My next hypothesis is that some fine-tuning might help. But that would be a bunch of work to set up, even using a LoRA adapter.

eeue56 | 12 hours ago

Made an emoji programming language called Mojie. Complete with transpiling to Js, Python, or English, a playground, and an LSP. No AI involved. Managed to reuse most of the codebase from a stack-based language I made for a talk. I quite like it. But building it sent me down the path of "what if vibe coding produced an AST rather than actual code", so that's what I'm investigating this week. Quite excited about it, actually!

And in the meanwhile, I'm migrating to Codeberg. First migrated to Forgejo in my homelab, but next to actual Codeberg.

nick4 | 14 hours ago

Recovering from a vacation. It was very fun, but I’m also glad to be home.

I haven’t had much time to code personal projects lately and I’m hopeful I’m gonna be able to find some time this week. I’m itching to code some again!

As for work, it’ll be helping out some more junior coworkers. I’m hoping I’ll be able to get them to try some more active roles in project planning. No better way to learn than to try doing something!

strongly-typed | 11 hours ago

Existential crisis as I experience inability to pay for my bills.

Also, working through Theorem Proving in Lean 4

slowerloris | 8 hours ago

Working on my game, and by extension, game engine. It's been a lot to learn, but struggling through new concepts has been a big part of the fun.

Working on the next iteration of my interactive multi-line search tool septum. This engineering pass is pretty close to done, next is a feature polish pass. The previous version (0.2.1) has been useful and stable enough I want to set up rolling release binaries in GitHub.

I'm experimenting with a Chinese-character incremental game.

Instead of letters or tiles, the basic units are radicals/components. The player places them on a 5x5 grid, and the game uses a small hanzi.csv dataset to detect valid characters formed by adjacent components.

The main design problem this week: if every component generates money, players may ignore character formation and just optimize raw income. So I'm trying to make completed characters act more like engines, while standalone components remain weak.

Prototype: https://www.chunqiuyiyu.com/hangrid/

trying to get assethoard.com's Arch package signed and pushed to the aur repository.

icefox | 13 hours ago

Working, hopefully productively, and playing with sdl3.

Also playing Fire Emblem 3 Houses, if my RSI allows.

mempko | 11 hours ago

Building a P2P client for my Abject project (https://abject.world). Right now if you want to run the client on the phone you have to host the server and client yourself somewhere. But since Abject already has P2P capabilities, I am transforming the client to a p2p one so you can run it at home and still access it on your phone from anywhere in the world.

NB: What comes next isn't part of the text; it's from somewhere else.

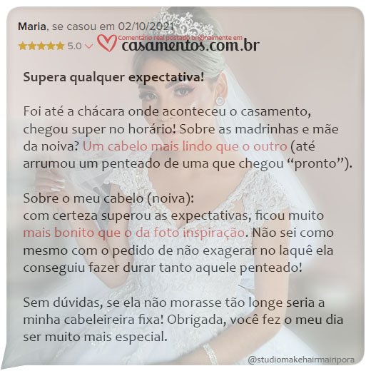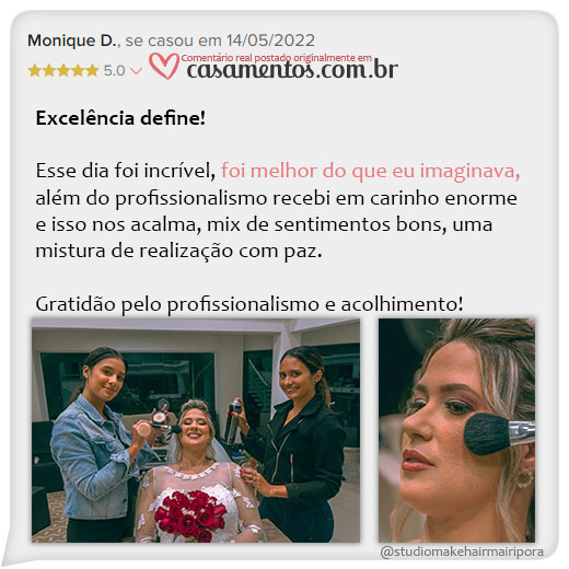 Outras páginas relacionadas em nosso site: Penteados para Casamento; Maquiagem para Casamento; O Studio Make Hair; Estadia ou Pacote Lua de Mel.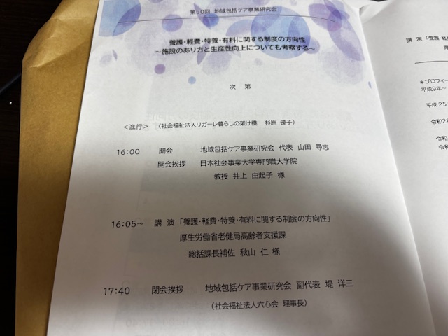大尊敬する、京都きたおおじの山田理事長様が代表を務めておられる「地域包括ケア事業研究会」に参加して参りました。

vinipsmaker | 10 hours ago

I'm adding support for “member-macros” in my WIP language/compiler. The idea is that you can declare macros not only in global/local scopes, but also as belonging to some data structure and the macro is always expanded having the original object as a parameter.

Huh, for some reason this makes me think of Rust's "postfix member keyword" .await. I'd love to see an example of what you're describing!